Bruce Momjian <maillist@candle.pha.pa.us> writes:
>> I think it'd still be a good idea to have a system table containing the
>> mapping from SERIAL columns to (OIDs of) their associated sequences.
>> The atttypmod idea is just a trick to bypass having to do lookups in
>> this table for the most common operations on a SERIAL column.
> But what use would a new system table be, if the atttypmod can do it for
> us?
To handle the less common cases --- in particular, the reverse lookup:
given a sequence, is it the implementation of a SERIAL column somewhere?
(DROP SEQUENCE ought to refuse to drop it if so, I think.)
Also, assuming that we want inherited tables to share the parent's
sequence, I suspect there are cases where you need to be able to
find all the tables sharing a given sequence. This would be rather
difficult if the only representation was atttypmod fields. (You
could probably work out something reasonably efficient based on
the assumption that all the tables involved must be related by
inheritance --- but it wouldn't be as easy as a single SELECT,
and it *could not* be done in pure SQL because atttypmod isn't
an SQL concept.)
Basically I think that all this structural information ought to be
explicitly represented in regular SQL data structures where you can
manipulate it (SELECT on it and so forth). We can use atttypmod as an
internal-to-the-implementation cache to avoid the most common lookup
that we'd otherwise need, but it'd be a design mistake not to have the
information represented in a more conventional form.

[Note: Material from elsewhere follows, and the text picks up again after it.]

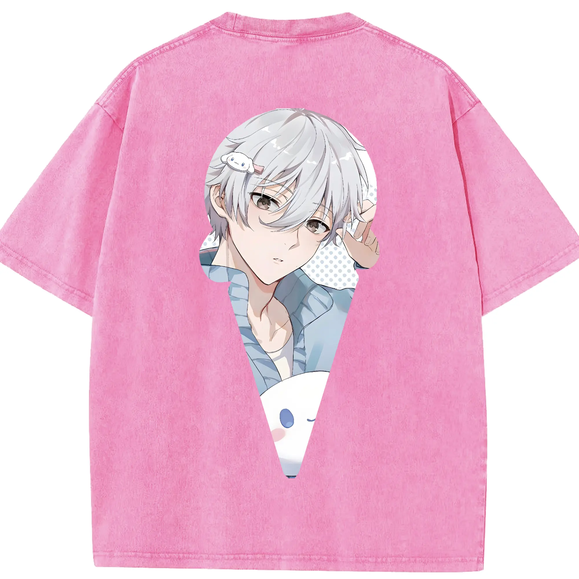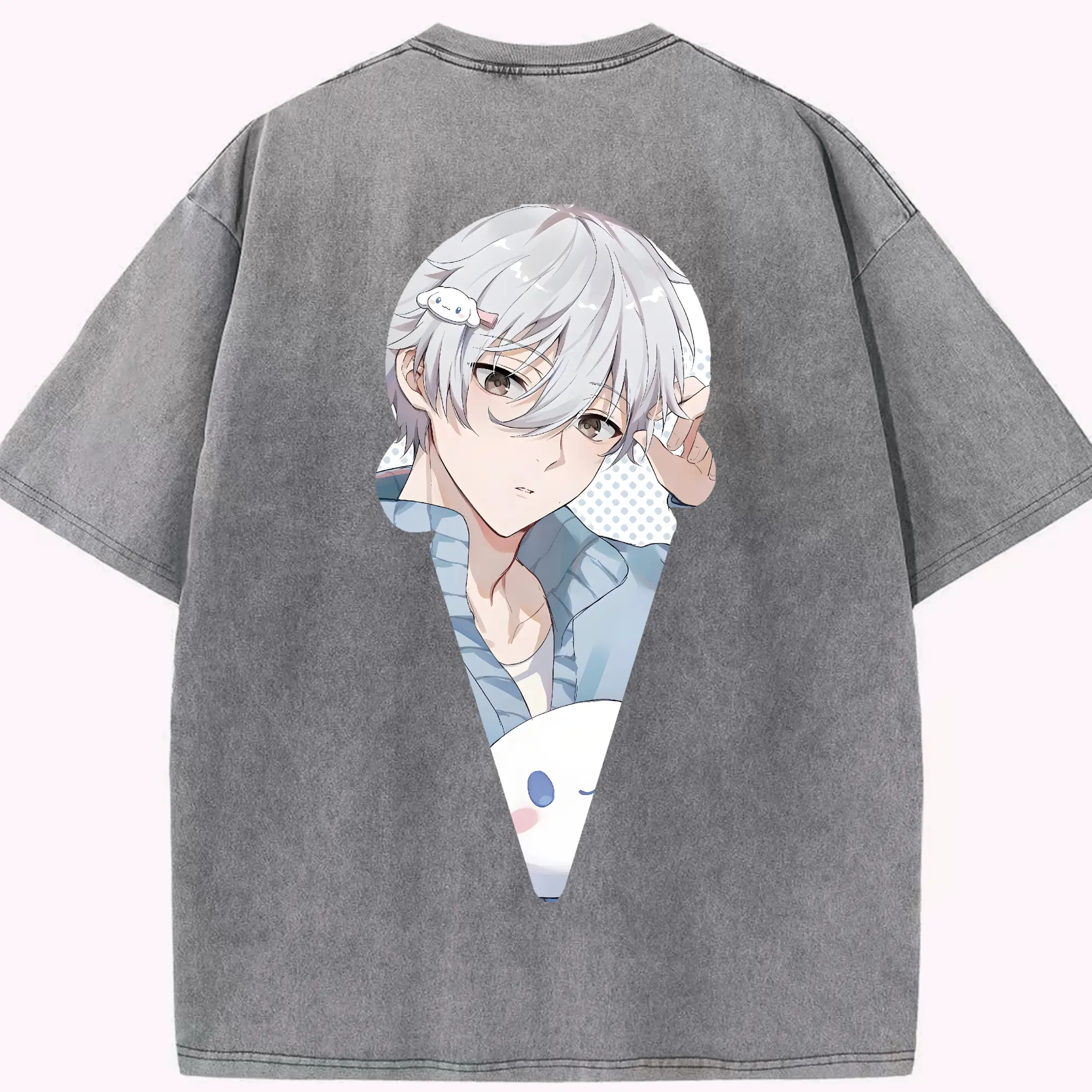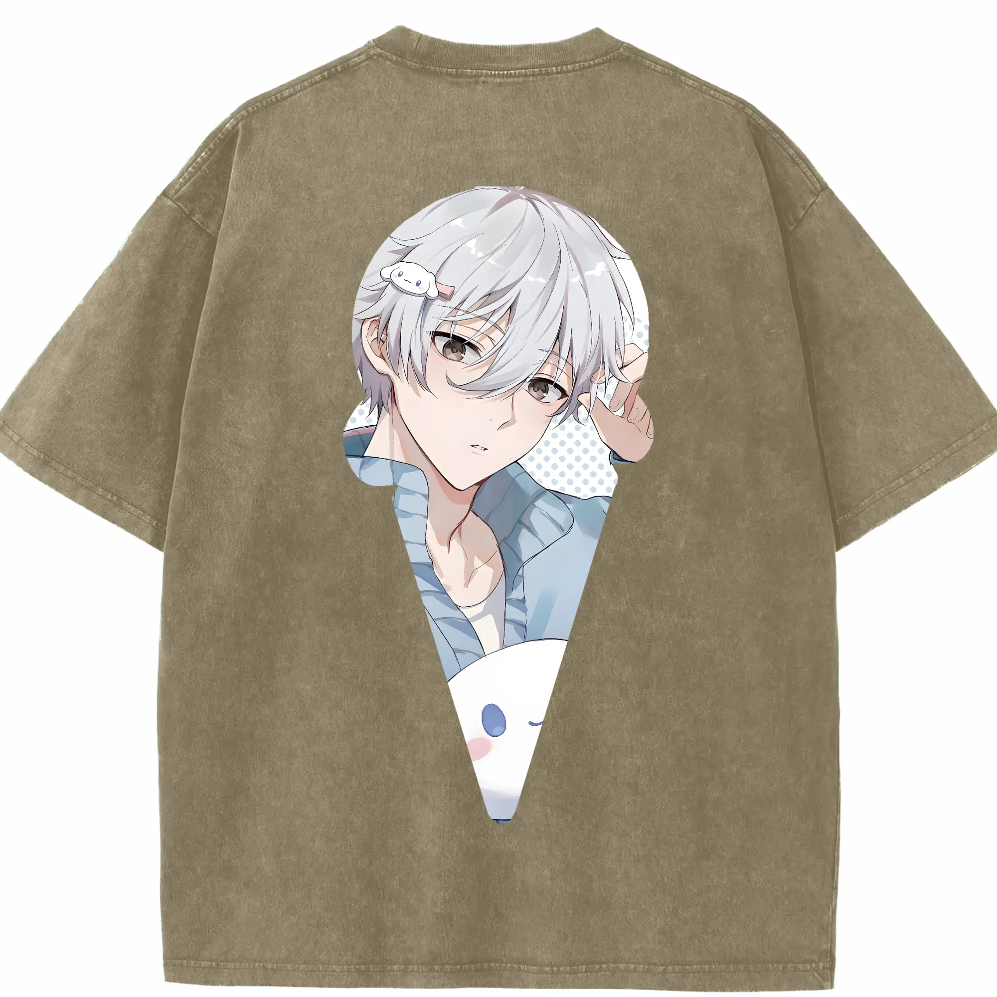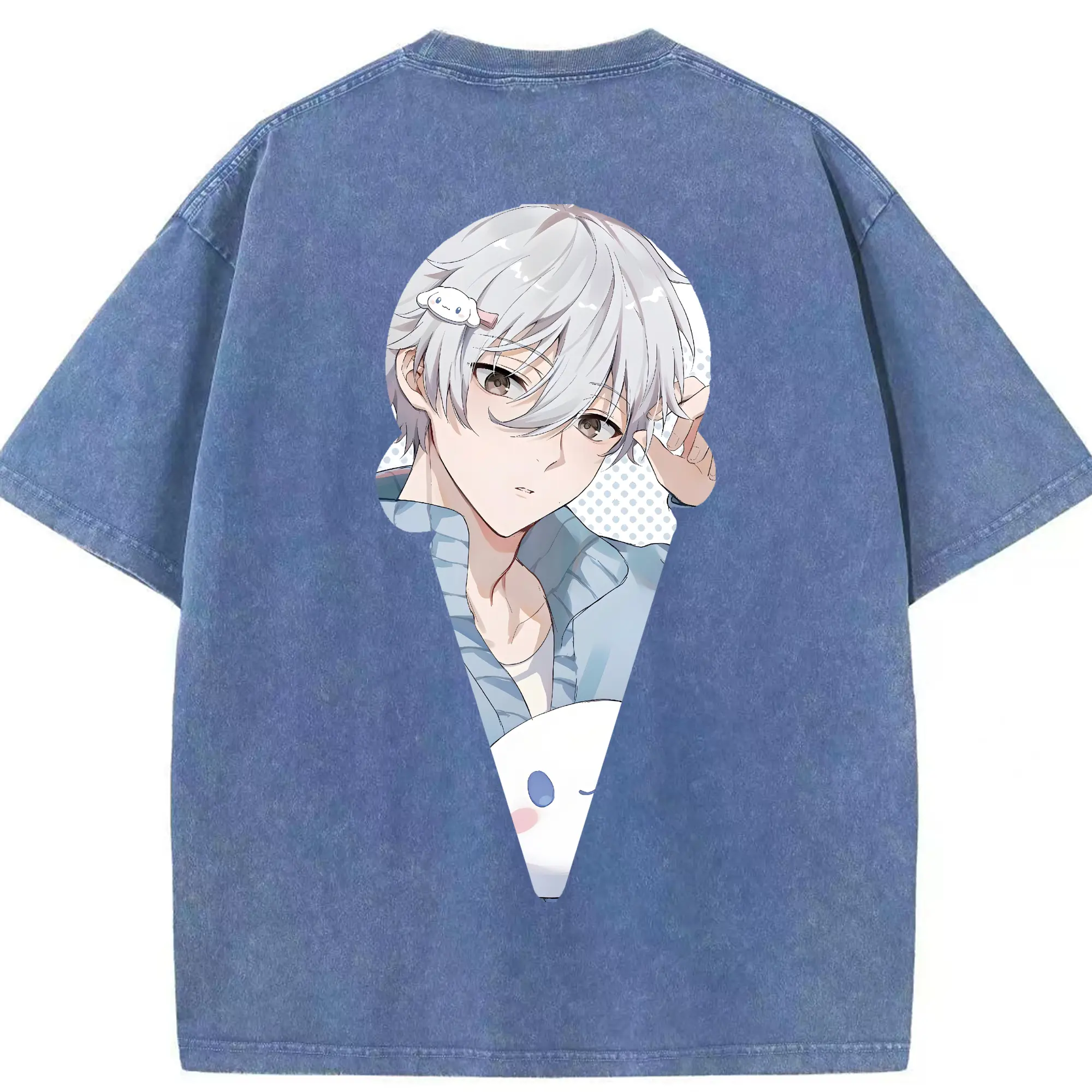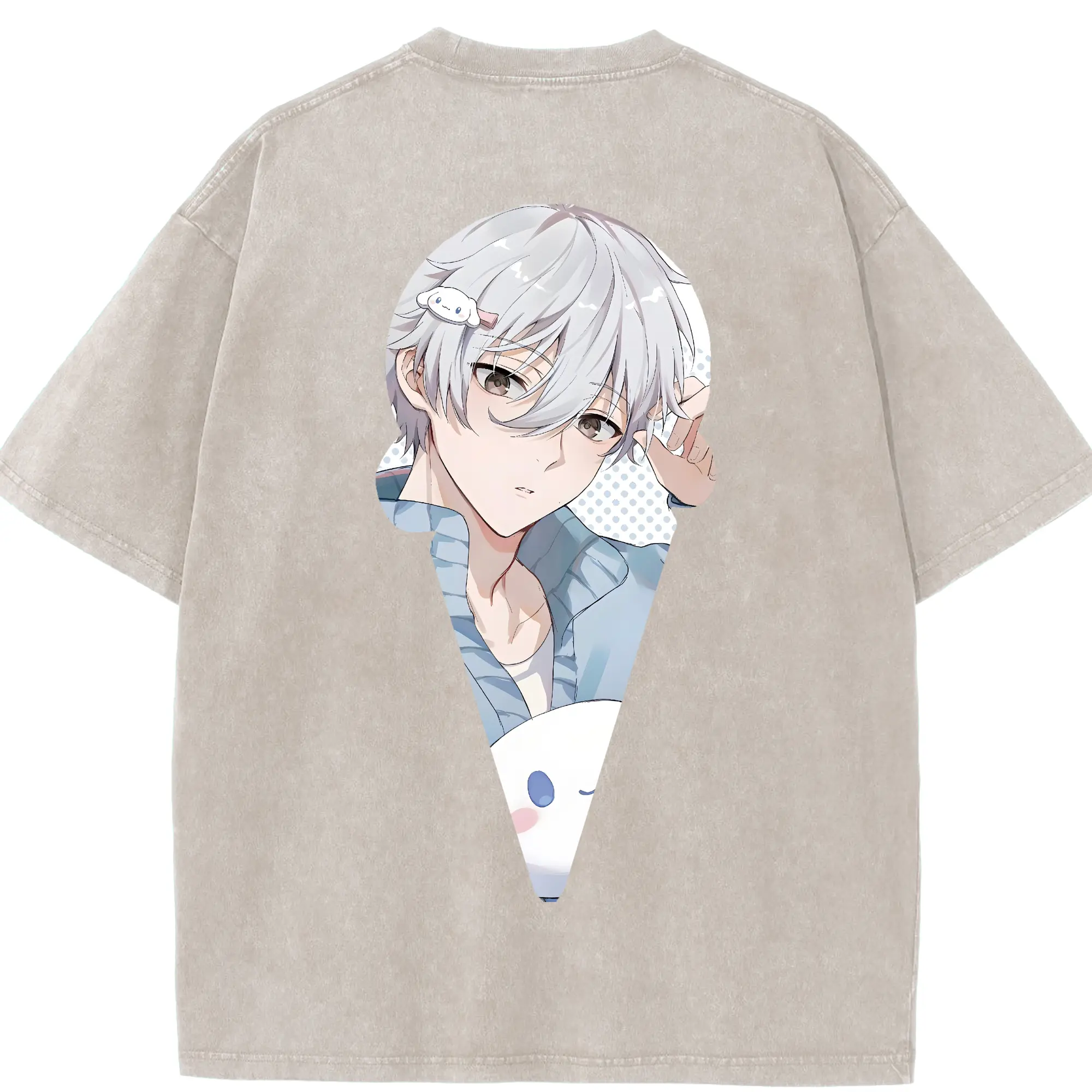 ちい が わ グッズ うさぎ - 綿100% ヴィンテージ風 半袖Tシャツ ・ 背面プリント ・ 柔らか肌触り ・ 通気性 快適 ・ スポーツ カジュアル 外出用

It might help to compare this issue to index and inheritance
relationships. We have explicit representations in the system tables
of the inherits-from and is-an-index-of relationships; if we did not,
many tasks would become much harder. The backend plays some tricks
internally to avoid constantly having to do fullblown lookups in those
tables, but the tables need to be there anyway. I say we need to add
an explicit representation of the is-sequence-for-SERIAL relationship
for the same reasons, even if we can install an internal shortcut
that's used by some backend operations.